For the most part, though, Nixon and McCaskill played low-key public roles this election cycle. A rarity was last Sunday's joint appearance at a Democratic rally in Forest Park for U.S. Senate nominee Robin Carnahan, who lost badly Tuesday to Blunt.
McCaskill gave a fiery speech blasting Blunt, currently a congressman in southwest Missouri.
As she assessed her party's poor performance, and Carnahan's huge defeat, McCaskill said Wednesday that the statewide totals indicated that Republican turnout wasn't much greater than it was in the 2006 midterm.
Trouble was, far fewer Democrats showed up.
About 250,000 fewer Missourians cast ballots Tuesday, compared to 2006, and McCaskill believes most were Democrats. The official statewide tally put voter turnout at just under 47 percent -- significantly below the turnout in the midterm elections in 2002 and 2006.
In Greene County, Blunt's home turf, she continued, "Jim Talent actually got more votes in Greene County four years ago than Roy Blunt did yesterday."
McCaskill was particularly sorry to see the defeat of state Auditor Susan Montee, a personal friend, who lost to Republican Tom Schweich.
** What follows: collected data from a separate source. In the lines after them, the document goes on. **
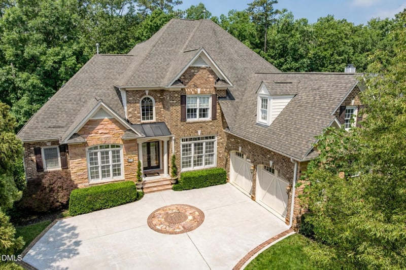 Listing details for 671 Bear Tree Creek, Chapel Hill, NC 27517 : Welcome to refined luxury living in The Preserve at Jordan Lake, one of the most sought-after gated golf course communities in Chapel Hill, North Carolina. Located in highly desirable Chatham County, this premier neighborhood blends resort-style amenities, natural beauty, and elegant custom homes just minutes from Jordan Lake, University of North Carolina at Chapel Hill, Duke University, Apex, Cary, and Raleigh-Durham International Airport. Perfectly positioned on a level, wooded lot, this exceptional residence offers timeless architectural design, sophisticated finishes, and flexible living spaces designed for both elevated entertaining and effortless everyday living. Hardwood floors span the entire main level, complemented by arched doorways, detailed wainscoting, tray and coffered ceilings, and custom millwork throughout, while natural light fills the open-concept floor plan to create a warm yet refined atmosphere.
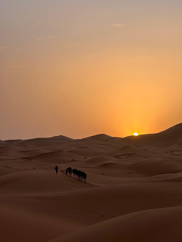 After breakfast, explore the stunning Dades Valley before driving to the spectacular Todra Gorge, with its towering cliffs. Continue towards Erfoud and Rissani, gateways to the Sahara Desert. Arrive at Merzouga (Erg Chebbi dunes), where a camel trek will take you across the golden sands at sunset. Spend the night in a desert camp, enjoying traditional Berber music and a magical starry sky.
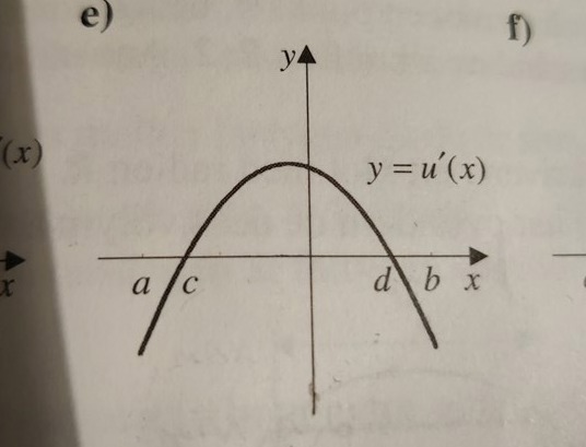 Jag tänker att lokal max är punkten c, då kurvans lutning>0 och lokal minimum är d, då lutningen är <0 . A och b är ju inte definierade. Men i facit står det att d är lokal max och c är lokal min! Kan någon hjälpa mig med vad jag missar?
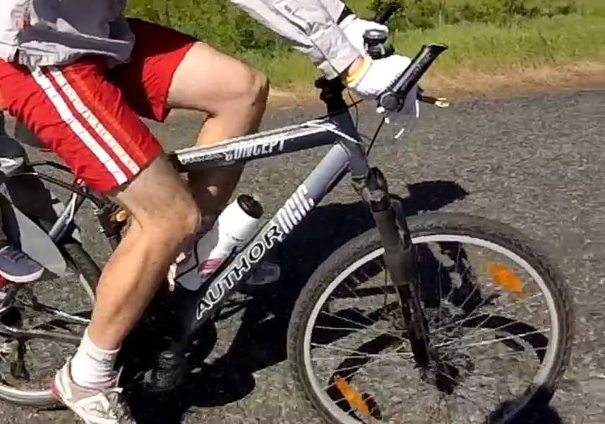 На спицах переднего и заднего колеса по 2 желтых светоотражателя (катафоты), сзади на трубке седла фонарик красный.

McCaskill, who previously had been the auditor, praised Montee's record in office. Of Schweich, McCaskill said she hoped that he would be as politically independent as Montee -- and she took note of the $200,000 in campaign contributions that Schweich received from Lt. Gov. Peter Kinder.
Overall, said McCaskill, Tuesday's election "was not a large turnout. And a lot of the people who didn't vote, I think, are people who've gotten sick of the whole lot of us."